Peripheral blood samples were collected into EDTA-coated tubes from the facial vein by using lancets (MEDIpoint, Mineola, NY) or by cardiocentesis at the end of observation. Four- or seven-color flow cytometric analyses of whole blood samples were performed to monitor changes in T cell populations. In brief, 100 μl aliquots of whole blood were incubated with respective Abs for 30 min at 4°C, and RBCs were first lysed with FACS Lysing Solution (BD Biosciences, San Jose, CA) and then washed twice with PBS containing 2% FBS. Spleen was divided into two halves; one was used for flow cytometry, and the other for immunohistochemistry. Blood leukocytes and splenocytes were tested for human pan-CD45, CD3, CD4, CD8, CD11c, CD14, CD19, and HLA-DR markers as four- or seven-color combinations. Abs and isotype controls were obtained from BD Pharmingen (San Diego, CA), and staining was analyzed with a FACS DIVA (BD Immunocytometry Systems, Mountain View, CA). To reproducibly resolve the depletion of CD8+ cells in the presence of cM-T807, anti–CD8-RPE clone DK25 (DakoCytomation, Carpinteria, CA) was used. Depletion was confirmed by showing an absence of CaD3+CD8+ and CD3−CD8+ lymphocytes. Results are expressed as percentages of total number of gated lymphocytes. The gating strategy was human CD45 → CD3 → CD4/CD8, CD45 → CD19, and CD45 → CD14.
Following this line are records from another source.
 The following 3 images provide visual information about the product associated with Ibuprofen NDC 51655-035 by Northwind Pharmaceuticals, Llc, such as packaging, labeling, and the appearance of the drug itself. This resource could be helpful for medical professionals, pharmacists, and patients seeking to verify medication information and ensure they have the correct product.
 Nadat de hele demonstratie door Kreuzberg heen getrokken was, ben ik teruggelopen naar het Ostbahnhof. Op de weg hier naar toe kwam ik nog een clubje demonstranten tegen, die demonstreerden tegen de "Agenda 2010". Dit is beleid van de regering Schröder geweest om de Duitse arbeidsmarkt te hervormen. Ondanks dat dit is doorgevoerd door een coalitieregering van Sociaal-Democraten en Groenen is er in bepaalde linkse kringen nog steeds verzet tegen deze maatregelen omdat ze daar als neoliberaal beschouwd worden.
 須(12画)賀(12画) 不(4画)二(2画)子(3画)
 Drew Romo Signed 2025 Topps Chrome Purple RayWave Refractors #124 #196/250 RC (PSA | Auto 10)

Intracellular cytokine staining procedure
Cytometric bead array
Mouse plasma samples were diluted five times. The concentrations of human cytokines IFN-γ, IL-2, IL-4, IL-6, IL-10, and TNF-α were determined by FACSArray according to the manufacturer’s instructions (BD Biosciences).
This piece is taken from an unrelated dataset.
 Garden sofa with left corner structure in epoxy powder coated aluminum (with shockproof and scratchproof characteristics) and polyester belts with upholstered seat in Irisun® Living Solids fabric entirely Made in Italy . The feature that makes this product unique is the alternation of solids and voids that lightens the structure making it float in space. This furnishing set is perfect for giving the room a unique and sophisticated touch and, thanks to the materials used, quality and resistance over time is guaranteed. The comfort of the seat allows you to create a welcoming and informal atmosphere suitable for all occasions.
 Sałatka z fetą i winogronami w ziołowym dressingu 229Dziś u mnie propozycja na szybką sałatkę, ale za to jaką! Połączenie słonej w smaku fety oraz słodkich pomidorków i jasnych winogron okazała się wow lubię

Spleen and lymph node samples were fixed with 4% paraformaldehyde overnight and embedded in paraffin. Five-micrometer-thick sections were stained with mouse HLA-DR (clone CR3/43, 1:100), CD8 (clone 144, 1:50), CD20 (clone L26, 1:50), CD68 (clone KP-1, 1:50), or HIV-1 p24 (clone Kal-1, 1:10); all were obtained from DakoCytomation. Mouse mAbs to Ki-67 (clone DVB-2, 1:50), CD14 (clone 7, 1:50), and CD4 (clone 1F6, 1:40) were purchased from Biocare Medical (Concord, CA) and Novocastra (Norwell, MA), respectively. The polymer-based HRP-conjugated anti-mouse EnVision systems (DakoCytomation) are used as secondary detection reagents, and 3,3′-diaminobenzidine (DakoCytomation) was used as the chromogen. All of the paraffin-embedded sections were counterstained with Mayer’s hematoxylin. Deletion of primary Ab or mouse IgG served as controls. Images were obtained by Optronics (Goleta, CA) digital camera fixed to an Eclipse E800 (Nikon Instruments, Melville, NY) using MagnaFire 2.0 software.
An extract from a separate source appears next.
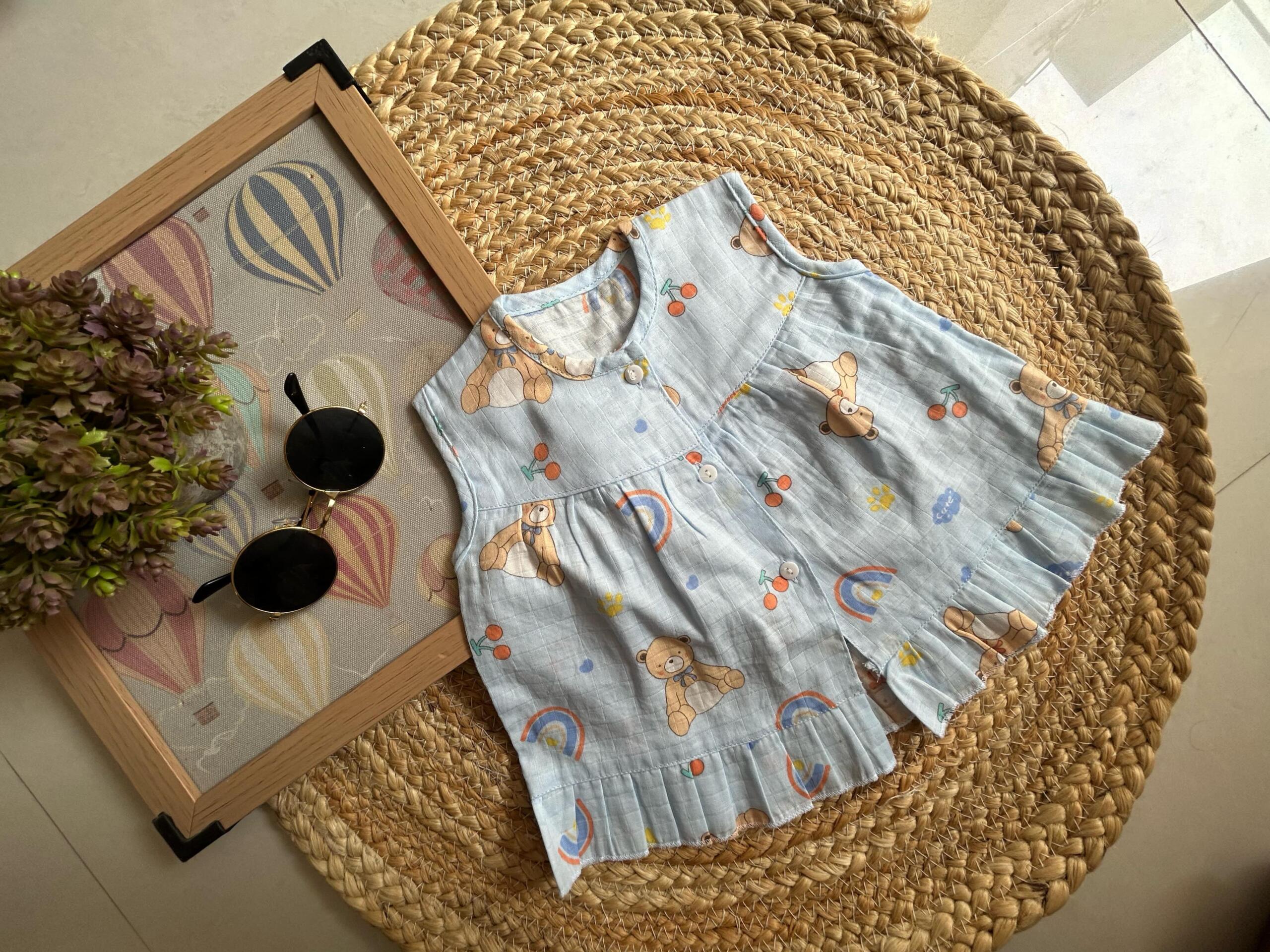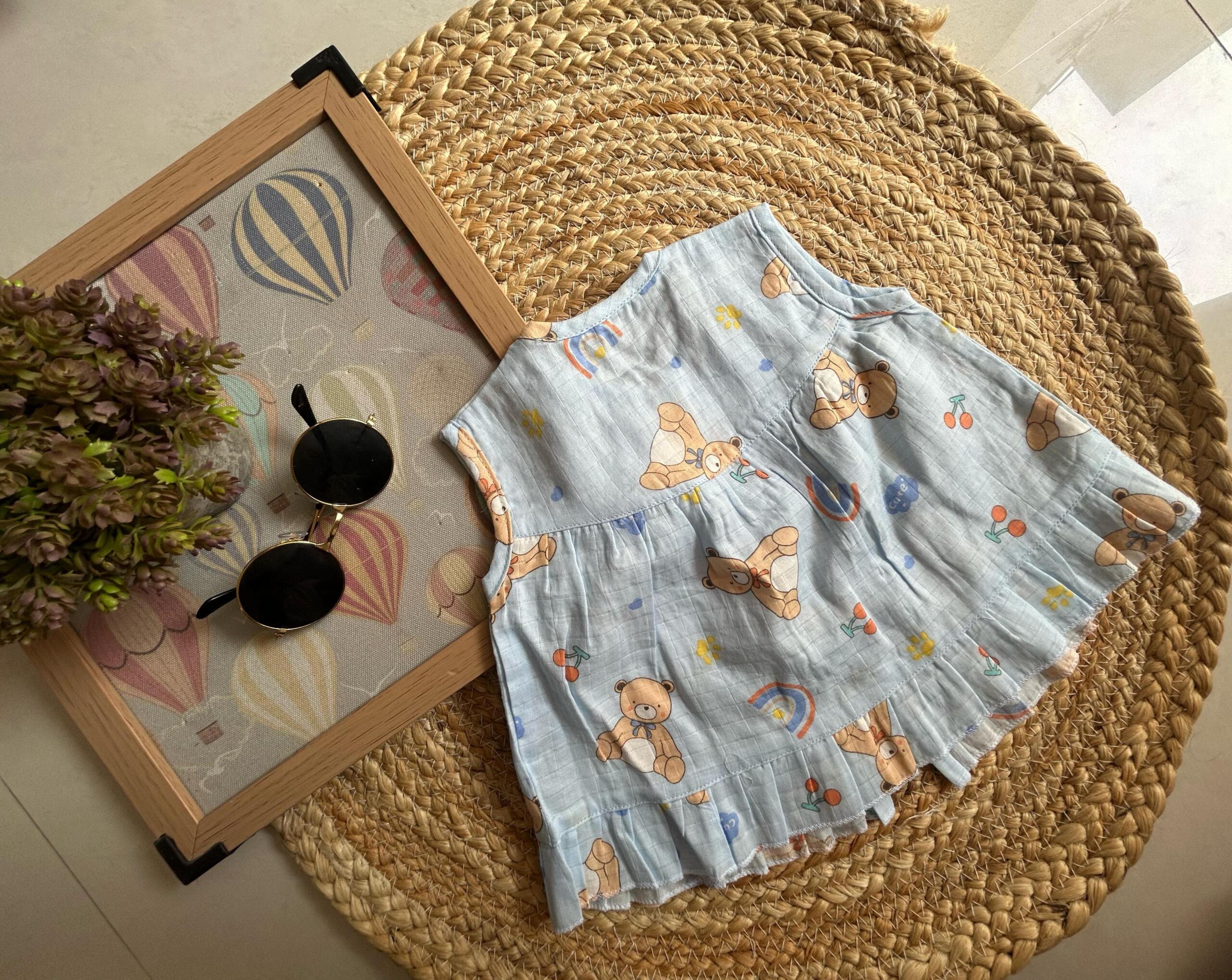 Keep your baby comfortable in this light blue muslin frock with a cute teddy print, designed for ages 0 to 6 months. Made from 100% breathable cotton muslin, it’s soft on delicate skin. The front button design allows easy dressing, while the teddy print adds a playful, adorable touch.

The plasma levels of IgM and IgG were determined by ELISA (Bethyl Laboratories, Montgomery, TX).
Plasma collected at different time points were analyzed for HIV-1–specific human Igs by using Con A-based ELISA, as previously described (38). HIV-1ADA envelope protein was expressed in a baculoviral system from a plasmid obtained from Dr. Lee Ratner (39). Purified envelope protein was used to coat the ELISA plate at 0.5 mg per well. HRP-conjugated secondary Abs to either human IgM or IgG were used (Bethyl Laboratories) and finally developed with 3,3′,5,5′-tetramethylbenzidine substrate. Plasma samples from uninfected humanized mice were used as negative controls, and HIV-1–seropositive human serum was used at a 1:10,000 dilution as a positive control.
Data were analyzed using Prism (GraphPad, San Diego, CA) and Excel software; statistical tests employed were nonparametric Mann-Whitney U test, Wilcoxon, test and one-way ANOVA for comparisons of multiple groups. A p value <0.05 was considered statistically significant. For statistical analyses, viral load values of <1750 and >35,000,000 were set to 1750 and 35,000,000 (which represent the lower and upper thresholds for the assay). Because a Wilcoxon test was used to compare the distributions, setting these interval values to their lower and upper limits, respectively, had no effect on the results.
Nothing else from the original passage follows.